Cutting the Price. Searle got norethynodrel on the market as Enovid (pronounced enovid) in 1957 as a prescription item for threatened abortion and menstrual disorders. Last May the Food and Drug Administration authorized Searle to offer Enovid for what promptly became its most popular use. Enovid proved to have remarkably few undesirable side effects: in her first month or two on the pills, a woman may be nauseated, and may gain weight. The main trouble with Enovid, as with all progestins, was cost. The pills were priced to retail at 50-c- or 55-c- each, and one a day for 20 days meant $10 or $11 a month. Last week Searle cut its price by 30%, which should bring the retail price down to $7 or $8. Parke, Davis followed suit. And Searle promptly cut this a further 50% by convincing the FDA that five milligrams will inhibit ovulation just as well as ten, making the net cost to the consumer $3.50 to $4 a month.

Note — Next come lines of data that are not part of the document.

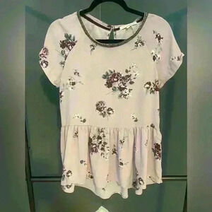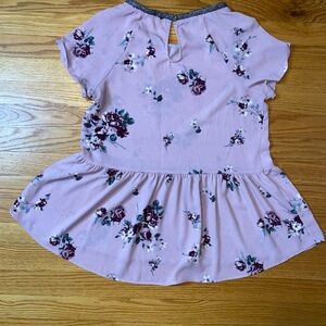 Rewind brand womens purple floral short sleeve blouse top size M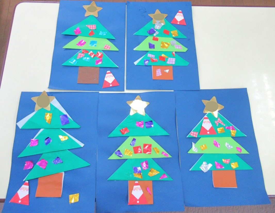 ☆はさみで切った飾りをのりで折紙のクリスマスツリーに貼り、素敵な作品ができました✨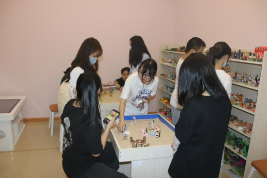 在沙盘体验活动中,工作人员带领着同学们触摸沙子、观看模型,讨论交流、摆放出了自己内心的沙盘世界。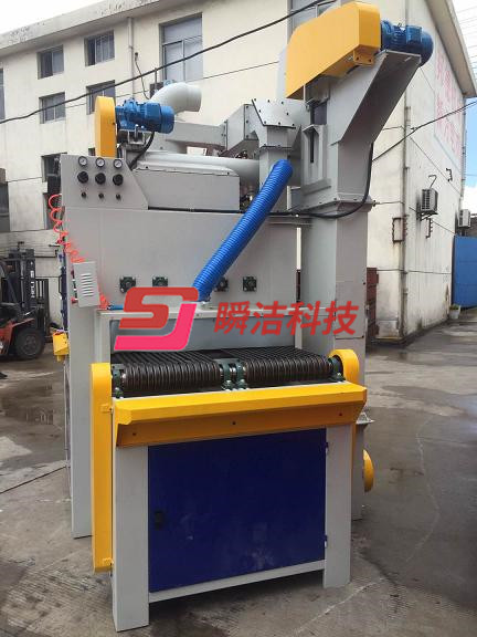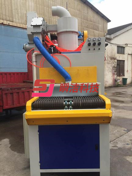 2、操作時將工件放在輸送帶上、噴砂作業(yè)自動完成,十分簡單方更。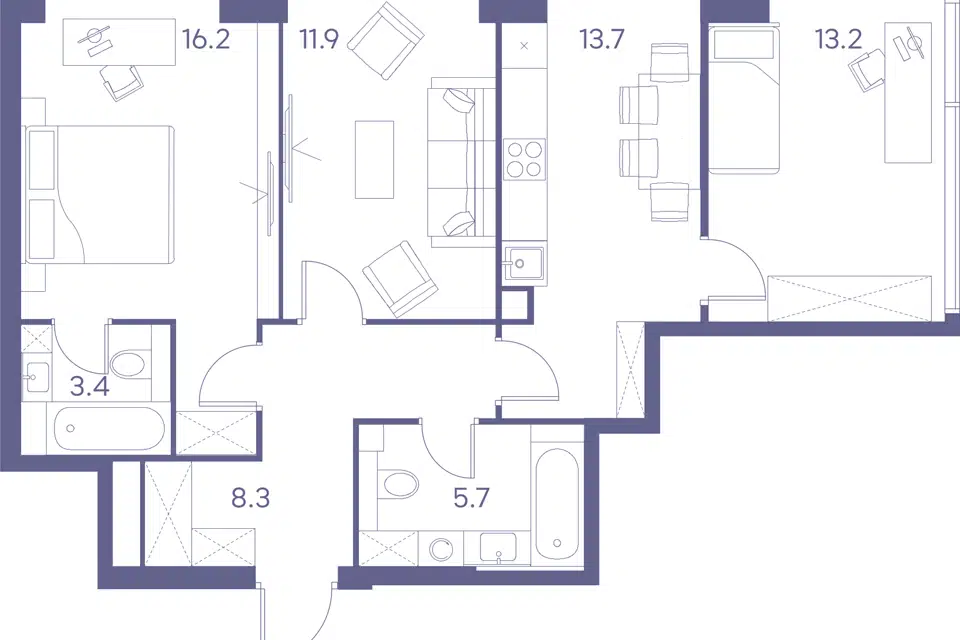 3-комн. кв., 72.1 м², 12/43 этаж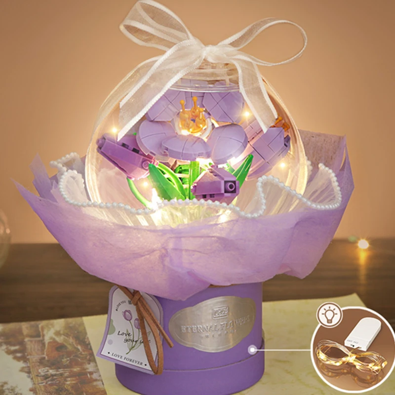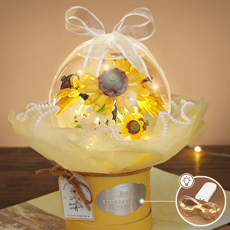 LOZ Romantic Light Roses Flowers Sunflowers Gardens Valentine’s Day Building Blocks Classic Model Mini Bricks Sets Kids Kits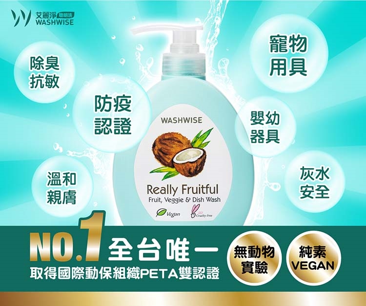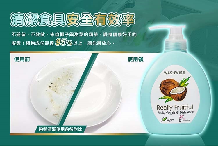 品名:【Washwise 聰明洗】果然有酵蔬果碗盤清潔露 (500ml)

Volume sales and competition may lead to a further modest price cut. Mexico-based Syntex Corp. plans to market norethindrone in direct competition with Searle; Raritan, N.J.'s Ortho Pharmaceutical Corp. will soon market the same drug (bought from Syntex) as Norlutin, and many pharmaceutical houses have similar products in the research stage.

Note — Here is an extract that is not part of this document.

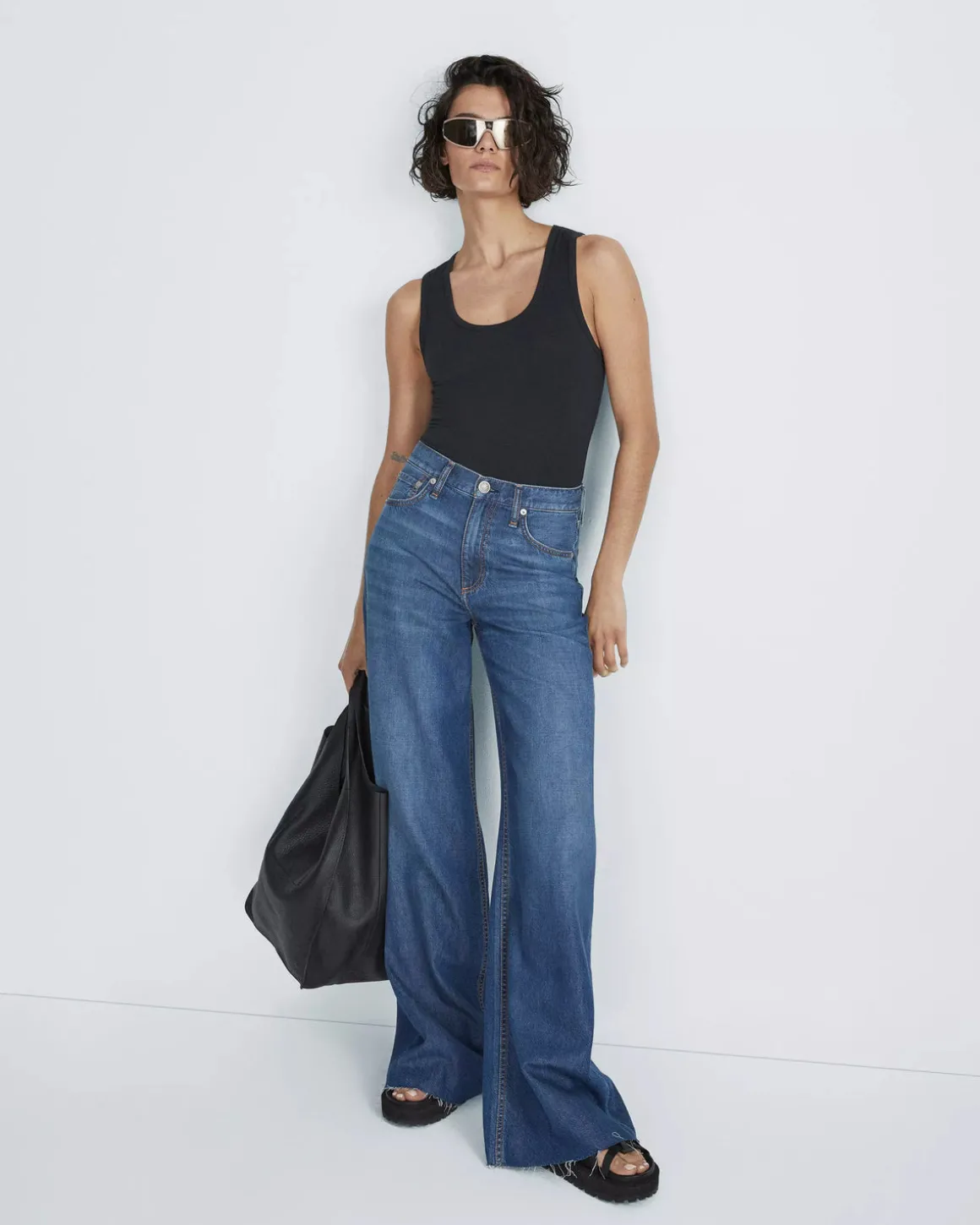 Rag u0026amp; Bone’s widest jeans yet. This high-rise wide-leg style elongates all shapes and is crafted from Featherweight denim – our ultra-light, non-stretch denim crafted with Tencel for supreme softness. Available in Otto, a medium indigo

Yet hormones may not be the ultimate contraceptive. A possibility, though still remote, is a means of immunizing either a man or a woman so that sperm and ova will never unite but one will react against the other like an antibody. Dr. Albert Tyler, 54, professor of embryology at California Institute of Technology, has succeeded in preventing conception this way in such creatures as sea urchins, mice, rabbits and cattle, but not yet in the human species. His brother, Dr. Edward Tyler, 47, working at U.C.L.A., is also testing a third contraceptive principle--an oral drug (its name and maker are still secret) to work in men by suppressing the production of sperm. So far, the pills have been shown to reduce the sperm count drastically but not completely. And there is no evidence as to whether the few remaining sperm are hardy enough to sire normal offspring.

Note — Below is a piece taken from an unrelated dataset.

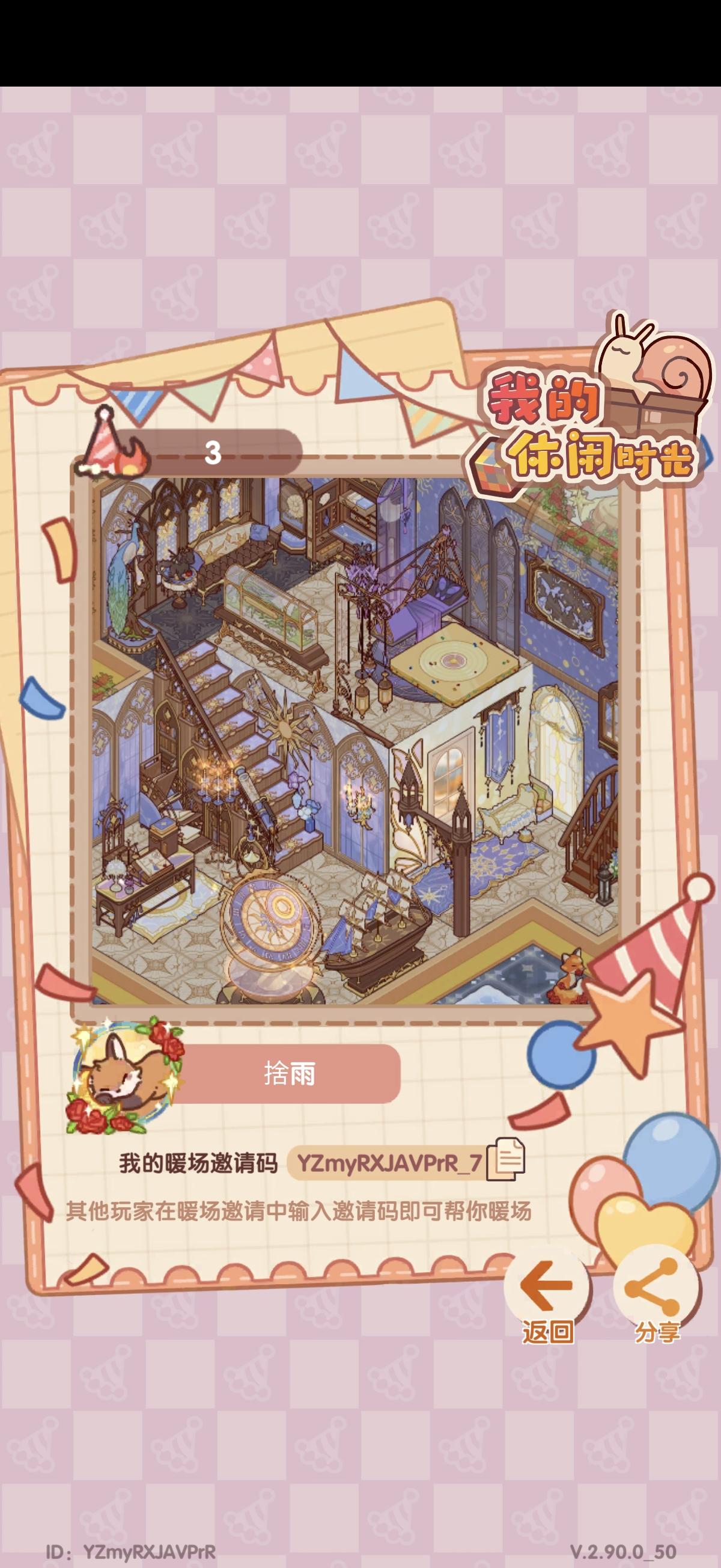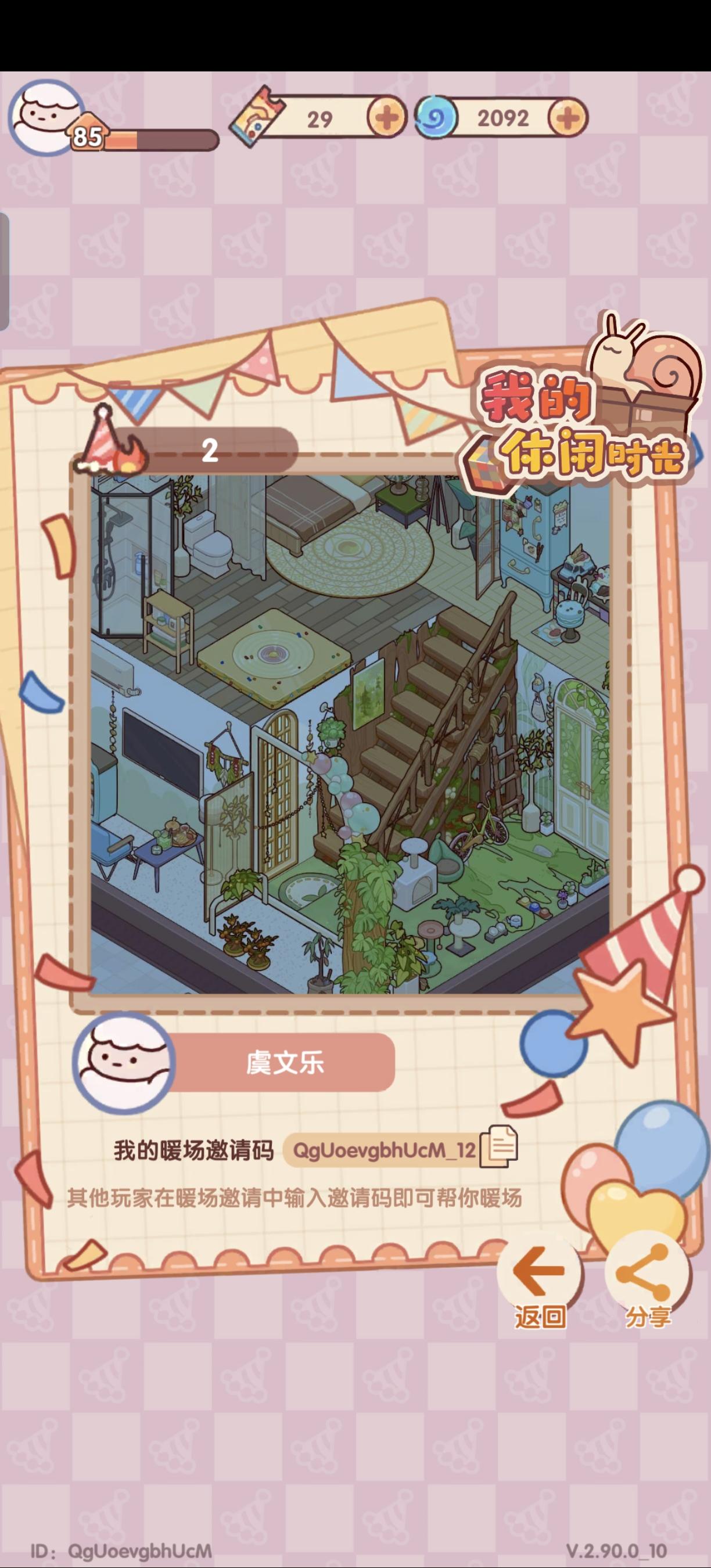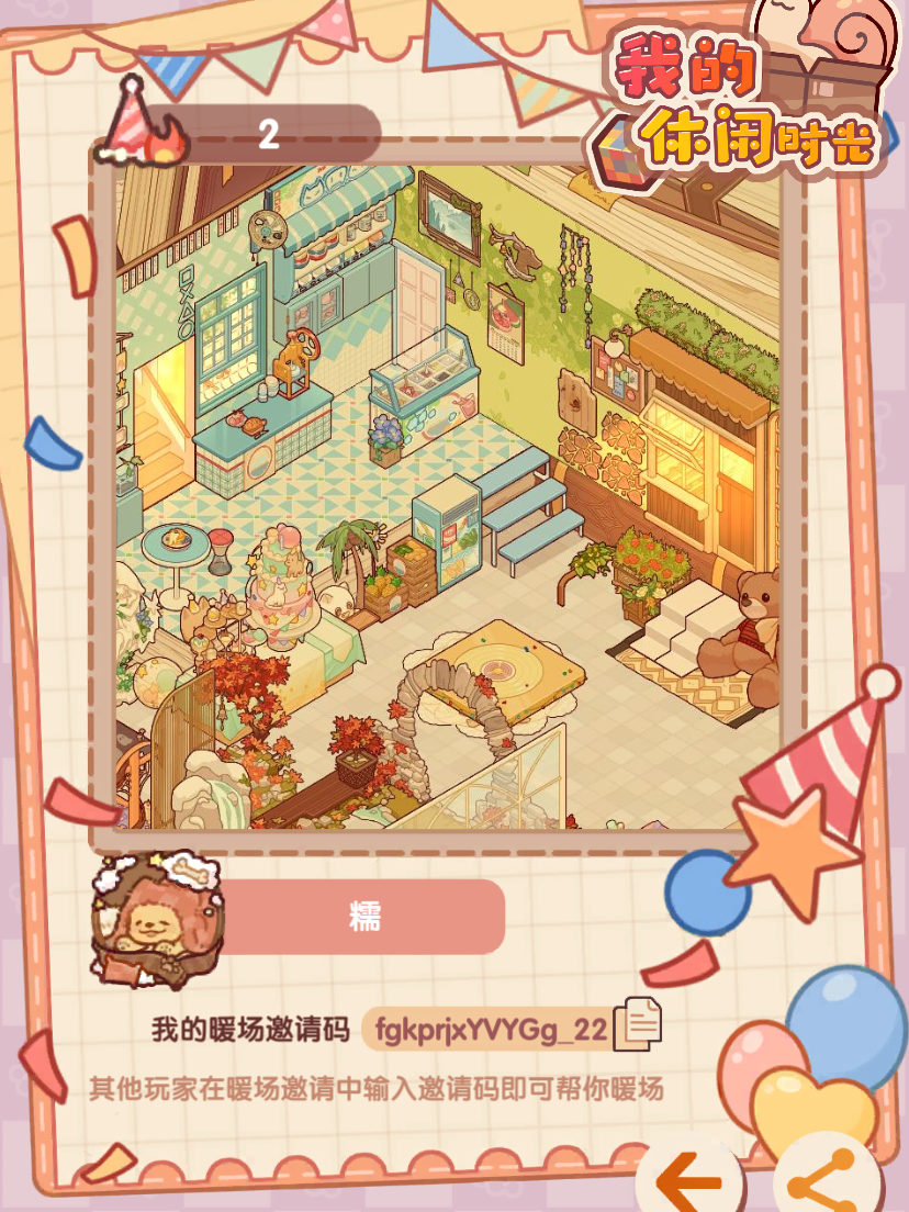 可加好友发或者邀请码发评论区 只要看到一定回暖(。・ω・。)#我的休闲时光 #新活动暖场派对 #我的休闲时光派对暖场

Since all hormonelike drugs are as powerful as TNT in the ways they affect much of the body's chemistry, it will be years before doctors can be positive that any pill is safe enough* for long-continued contraception. (Progestins appear safe for promoting fertility, as they are taken far only a short time.) And overshadowing everything is the moral question. Roman Catholics object to "birth control" except by the rhythm method. Dr. Rock, a Catholic himself, says the progestins should be accepted by Rome as a "licit" variant of the rhythm method. The Vatican has not yet defined its position on the pills.
* Searle sells Enovid as a contraceptive but advertises only its other uses. Parke, Davis coyly avoids mentioning Norlutin's contraceptive use, even in professional leaflets, but doctors do not need to be told about it.
* Reports that Enovid not only is free of cancer risk, but actually protects against it are premature and based on faulty statistics. The American Cancer Society this week awarded Dr. Pincus a $58,000 grant to start a study on this.